● Material shown:
┏━━

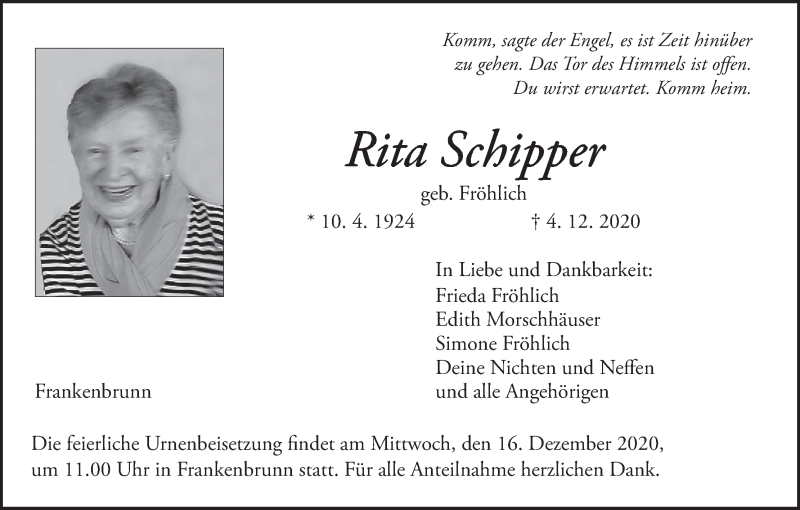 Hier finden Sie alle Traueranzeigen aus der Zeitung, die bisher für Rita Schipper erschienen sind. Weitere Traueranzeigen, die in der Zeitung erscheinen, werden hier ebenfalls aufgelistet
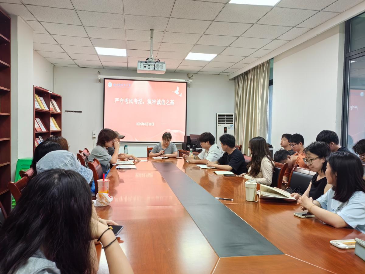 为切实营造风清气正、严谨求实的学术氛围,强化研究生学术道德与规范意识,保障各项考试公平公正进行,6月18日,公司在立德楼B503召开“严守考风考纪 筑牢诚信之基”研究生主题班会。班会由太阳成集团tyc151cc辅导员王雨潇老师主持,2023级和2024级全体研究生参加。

┗━━
┏━━

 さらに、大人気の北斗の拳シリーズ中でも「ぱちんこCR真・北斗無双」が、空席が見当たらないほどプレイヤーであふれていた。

┗━━
┏━━

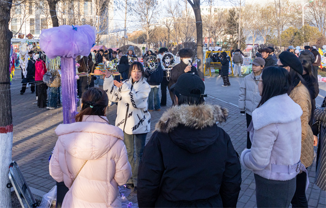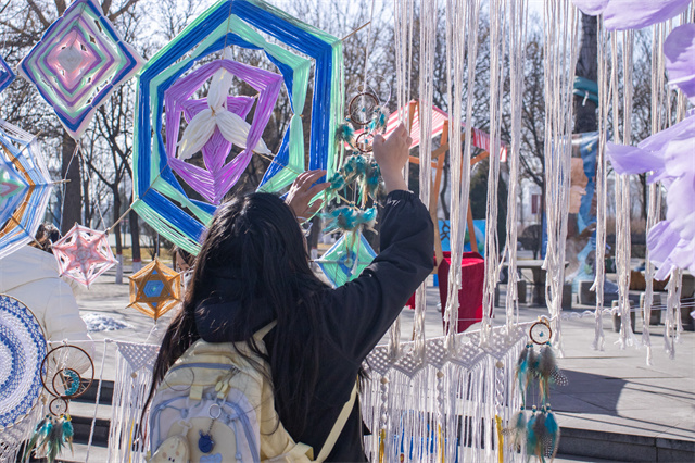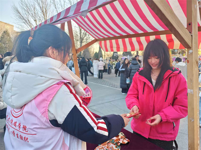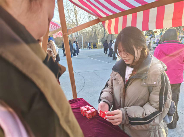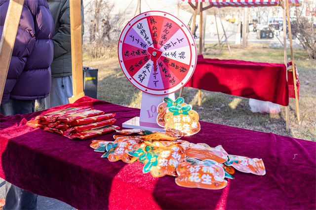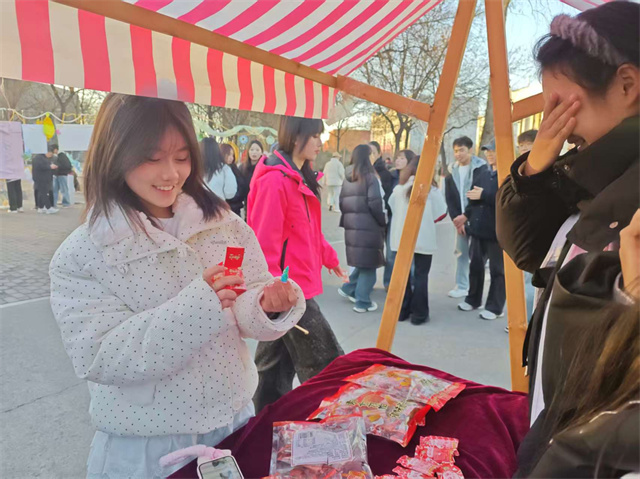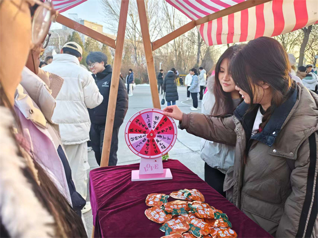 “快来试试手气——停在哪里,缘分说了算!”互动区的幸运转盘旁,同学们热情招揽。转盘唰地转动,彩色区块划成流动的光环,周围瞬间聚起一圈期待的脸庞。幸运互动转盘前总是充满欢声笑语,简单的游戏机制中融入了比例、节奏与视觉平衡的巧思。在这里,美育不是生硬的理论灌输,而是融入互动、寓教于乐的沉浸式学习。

┗━━

● Task goal: What is needed is an exact copy of only the lines above from the one with "Hier finden Sie" to the one with "为切实营造风清气正、严谨求实", both kept, with every picture left out.

● Result of this exercise:
 Hier finden Sie alle Traueranzeigen aus der Zeitung, die bisher für Rita Schipper erschienen sind. Weitere Traueranzeigen, die in der Zeitung erscheinen, werden hier ebenfalls aufgelistet
 为切实营造风清气正、严谨求实的学术氛围,强化研究生学术道德与规范意识,保障各项考试公平公正进行,6月18日,公司在立德楼B503召开“严守考风考纪 筑牢诚信之基”研究生主题班会。班会由太阳成集团tyc151cc辅导员王雨潇老师主持,2023级和2024级全体研究生参加。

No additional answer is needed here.